Is Moore's Law a story about the increase in computing power over time - the number of transistors on a chip, as a function of how far the planets have spun in their orbits, or how many times a light wave emitted from a cesium atom has changed phase?

Or does the same data equally verify a hypothesis about exponential increases in investment in manufacturing facilities and R&D, with an even higher exponent, showing a law of diminishing returns?

Or is Moore's Law showing the increase in computing power, as a function of some kind of optimization pressure applied by human researchers, themselves thinking at a certain rate?

That last one might seem hard to verify, since we've never watched what happens when a chimpanzee tries to work in a chip R&D lab.  But on some raw, elemental level - would the history of the world really be just the same, proceeding on just exactly the same timeline as the planets move in their orbits, if, for these last fifty years, the researchers themselves had been running on the latest generation of computer chip at any given point?  That sounds to me even sillier than having a financial model in which there's no way to ask what happens if real estate prices go down.

And then, when you apply the abstraction going forward, there's the question of whether there's more than one way to apply it - which is one reason why a lot of futurists tend to dwell in great gory detail on the past events that seem to support their abstractions, but just assume a single application forward.

E.g. Moravec in '88, spending a lot of time talking about how much "computing power" the human brain seems to use - but much less time talking about whether an AI would use the same amount of computing power, or whether using Moore's Law to extrapolate the first supercomputer of this size is the right way to time the arrival of AI. (Moravec thought we were supposed to have AI around now, based on his calculations - and he underestimated the size of the supercomputers we'd actually have in 2008.)
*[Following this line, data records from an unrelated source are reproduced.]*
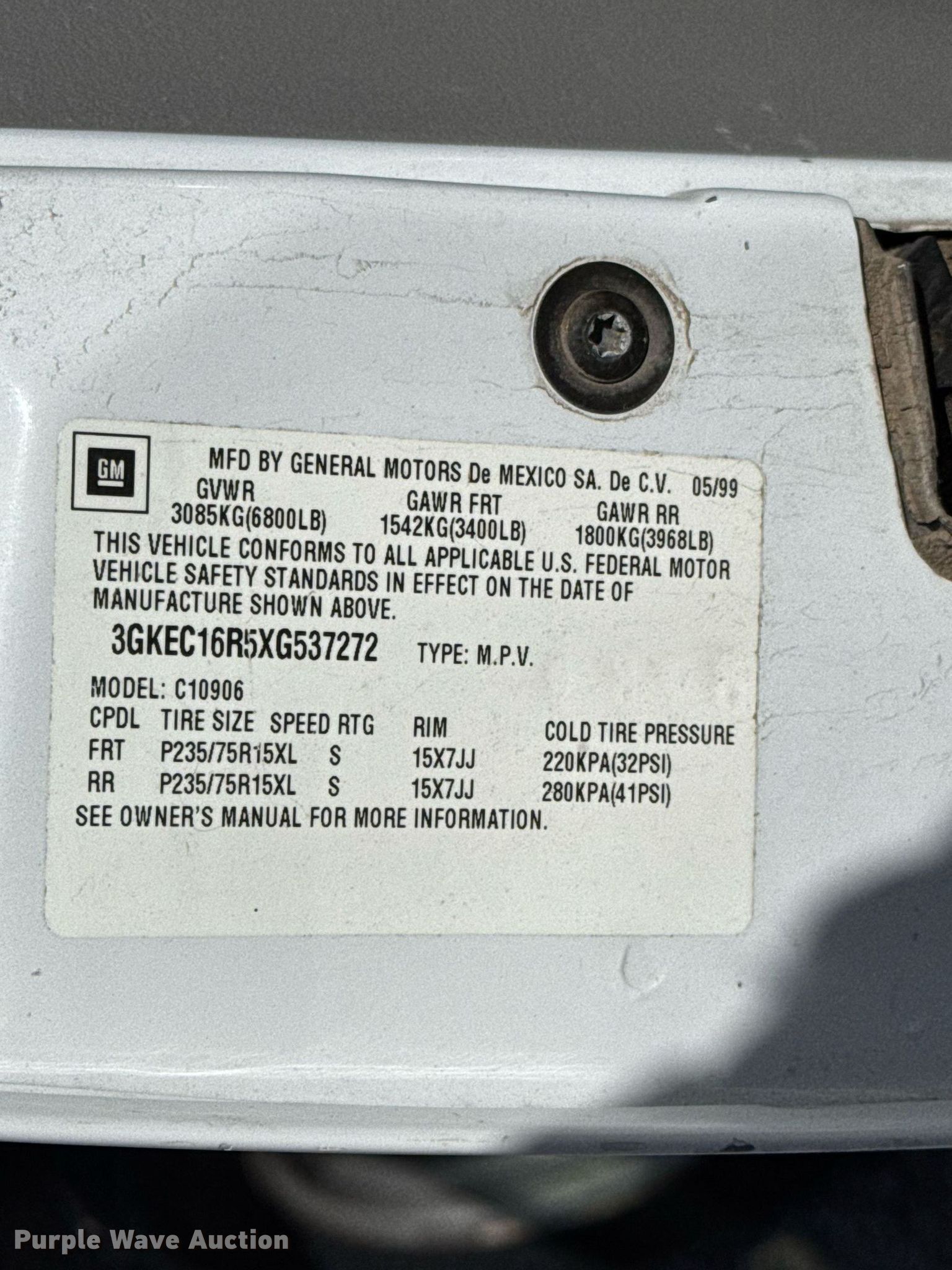 - VIN: 3GKEC16R5XG537272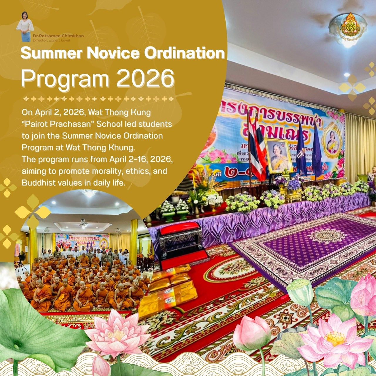 เมื่อวันที่ 2 เมษายน พ.ศ. 2569 โรงเรียนวัดท้องคุ้ง “ไพโรจน์ประชาสรรค์” นำโดย ดร.รัศมี ฉิมขันธ์ พร้อมคณะครู ร่วมกับพระอาจารย์ เจ้าอาวาสวัดท้องคุ้ง เจ้าคณะตำบลหนองรี นำนักเรียนเข้าร่วมโครงการบรรพชาสามเณร ภาคฤดูร้อน โครงการจัดขึ้นระหว่างวันที่ 2 – 16 เมษายน พ.ศ. 2569 เพื่อส่งเสริมคุณธรรม จริยธรรม และปลูกฝังคุณค่าทางพระพุทธศาสนา ทั้งนี้ โครงการดังกล่าวมุ่งเน้นให้นักเรียนได้เรียนรู้หลักธรรมและนำไปประยุกต์ใช้ในชีวิตประจำวันอย่างเหมาะสม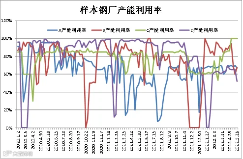 (5月20日-5月26日)四川省钢材流通协会对四家样本钢厂关于建材产能利用率统计数据显示,A、D较上周减少3%、13%;B较上周增加7.48%;C较上周持平。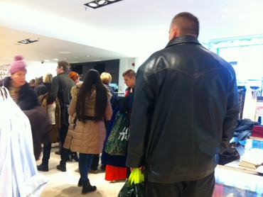 December 27-én reggel 10-kor, nyitáskor még kongott az ürességtől a Vörösmarty téri H&M, ami teljesen érthető, ha azt nézzük, hogy a svéd márka már karácsony előtt elkezdte a leárazást. A Váci utca környékén egyébként viszonylagos nyugalom volt ahhoz képest, amit a WestEndben tapasztaltunk, úgyhogy ha jövőre azt tervezi, ön is részt vesz az ünnepi punnyadás utáni első leárazásos őrületen, akkor a plázák helyett inkább oda induljon.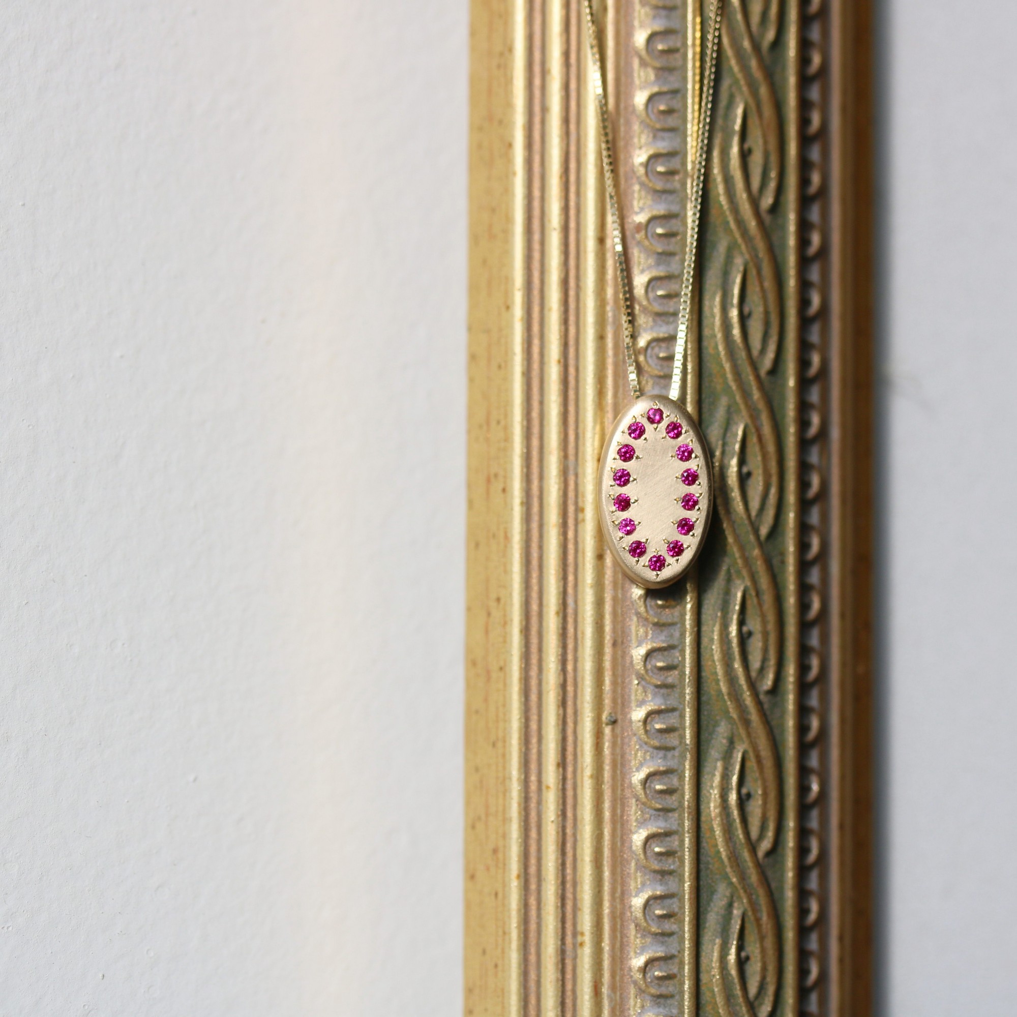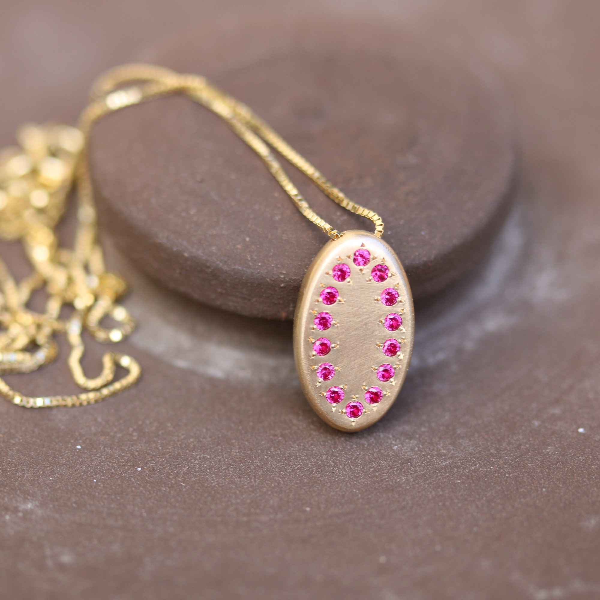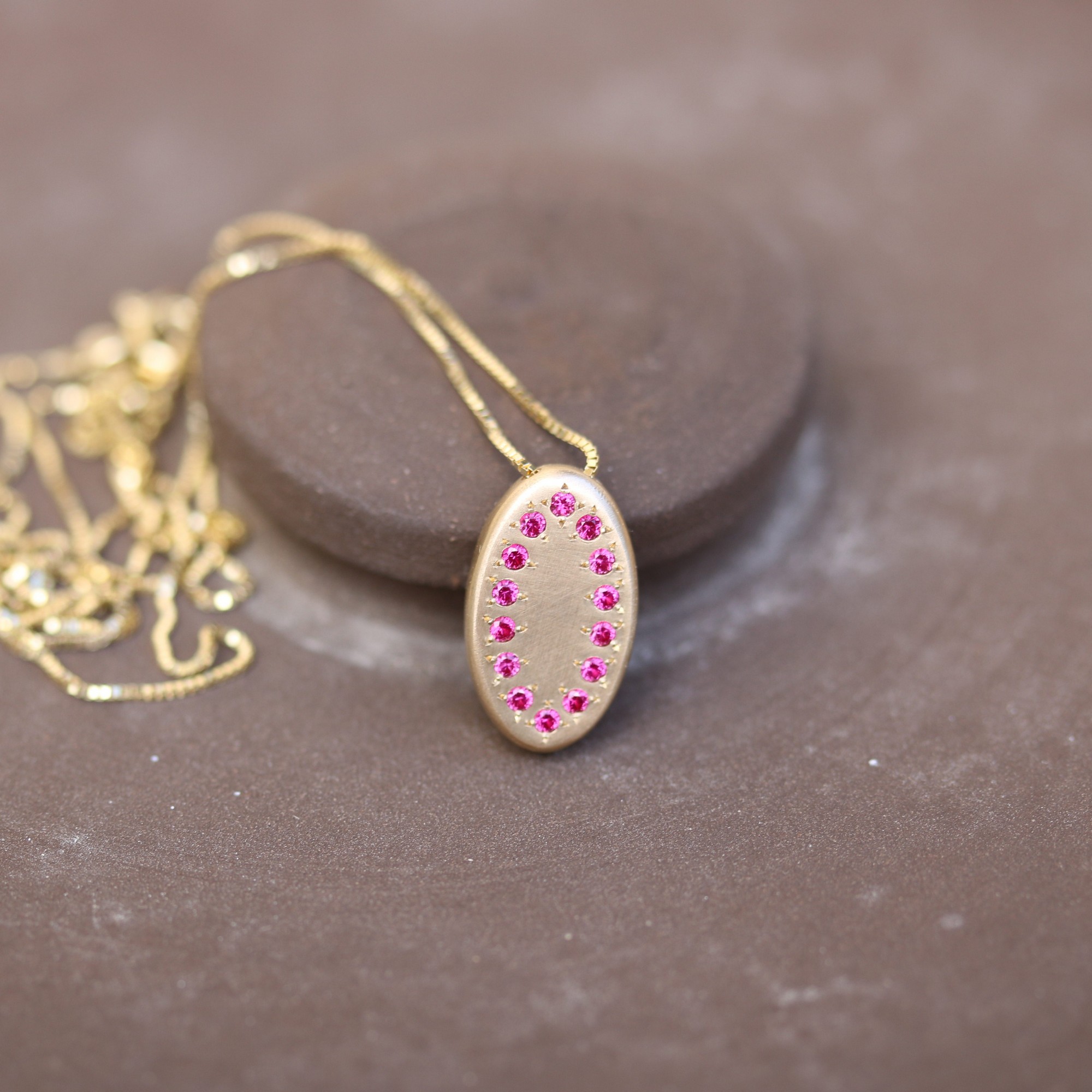 | תליון בזהב צהוב 14K בשיבוץ אבני רובי. |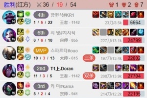 体育资讯5月23日讯 近日Doran在韩服狂玩上单豹女,昨日赛后Doran韩服操刀韦鲁斯,砍下11-3-5的华丽战绩。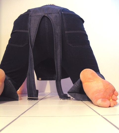 Denim fetish selfies shot with camera's timer.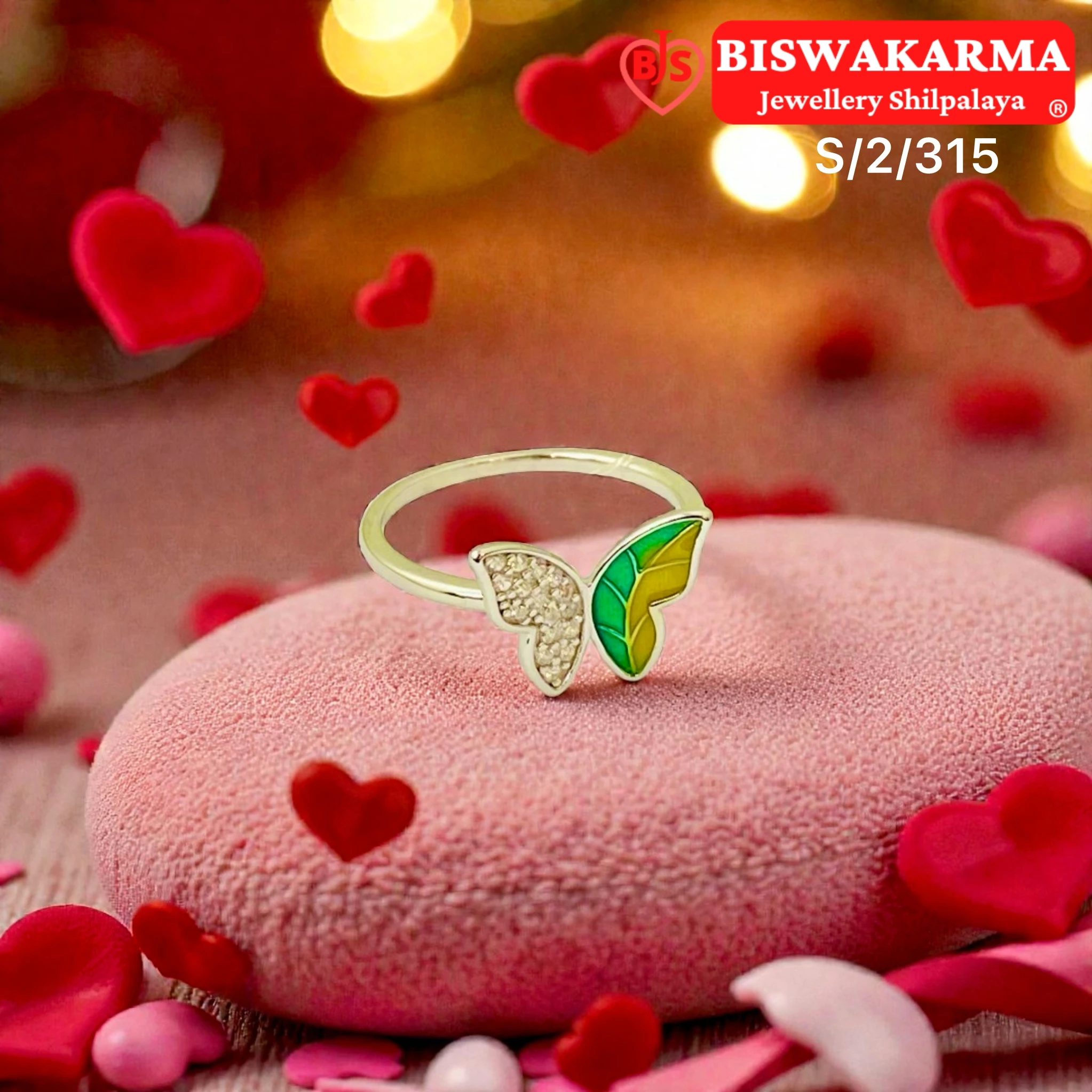 Butterfly ring with split wings. One wing hand-filled in green and yellow enamel with leaf cuts. Other wing deep-set with fine stones. Slim silver band, soft curve.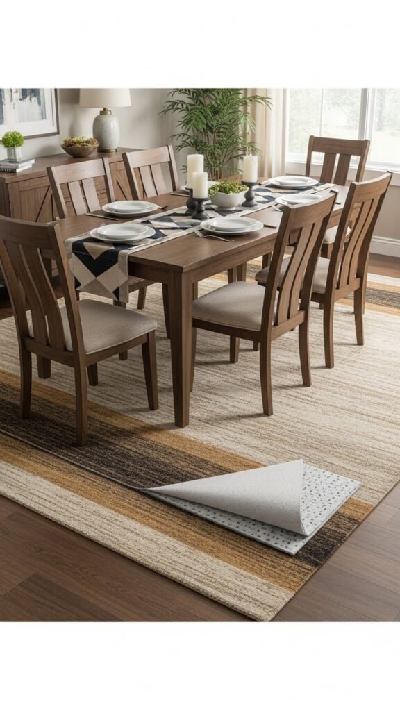 Anchor your dining table with a properly sized rug to define the zone and keep chairs from catching on edges; aim for at least 24 inches of rug extending beyond the table on all sides so chairs remain on the rug whether pushed in or pulled out. Choose quality rug padding, pick proportions that breathe, and use geometric layering to add bold structure without clutter, letting your space feel free.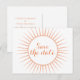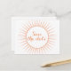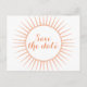 Sofistikerad och elegant Deco Retro Spara datum postkort i orange med en cirkulär art deco ornamenterad solstrålning design. Lätt att anpassa, lägg bara till din bröllopsinformation i de tillgängliga textfälten. Klicka på "Anpassa" för att hitta fler anpassningsalternativ.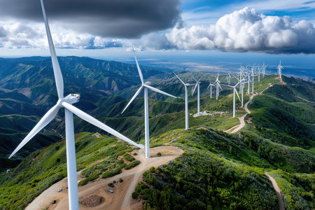 Wind turbines on beautiful sunny mountain landsape. Green power generation concept.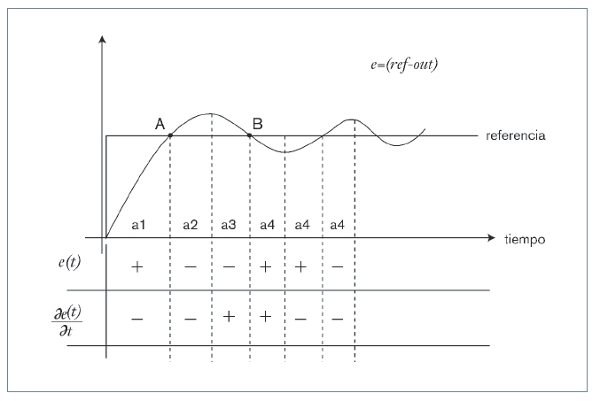 Se divide la señal en zonas, de acuerdo con el error y la derivada del error, tal como se muestra en las figuras 4 y 5.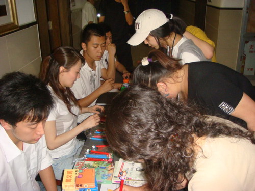 晚会现场,还有很多同学和老师纷纷参加主办方组织的“给灾区孩子的‘六一’礼物――图书认购”活动,活动中所募集的32本中小学生课外阅读书籍与1487元善款都将送到上海红十字会,捐给灾区的孩子。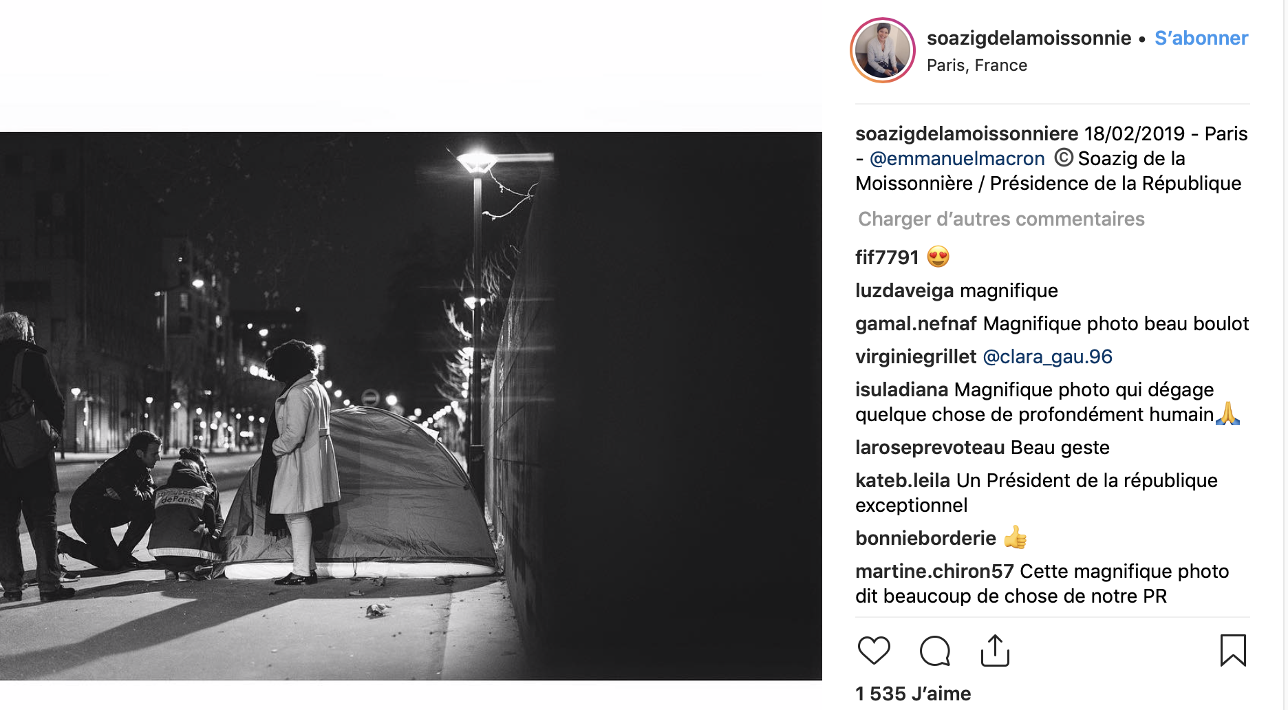 La première est de Soazig de la Moissonniere. Elle est prise lors de la maraude effectuée par Emmanuel Macron auprès de sans domicile fixe la semaine dernière. En toute discrétion sur l’instant mais dans le but (ce qui est normal au fond) de le faire savoir puisque la photo est publiée par la photographe officielle de l’Elysée.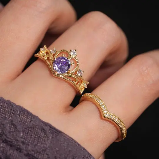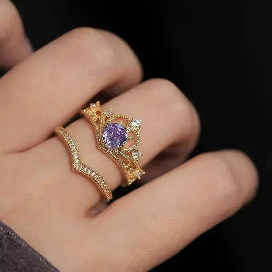 Saudi artisan-level craftsmanship ✨ 18K gold plating (scratch-resistant, color-lock), main ring’s heart hollow inlaid with diamonds (0.3ct amethyst center stone), accent V-ring fully paved with micro-diamonds (0.15ct total). When stacked, the crown & V-band form a throne silhouette—pay for one set, get “main ring + accent + stacked style” triple surprise! Savvy shoppers know this is a value bomb 💥

That's another part of what makes futurism difficult - after you've told your story about the past, even if it seems like an abstraction that can be "verified" with respect to the past (but what if you overlooked an alternative story for the same evidence?) that often leaves a lot of slack with regards to exactly what will happen with respect to that abstraction, going forward.

So if it's not as simple as just using the one trick of finding abstractions you can easily verify on available data...

...what are some other tricks to use?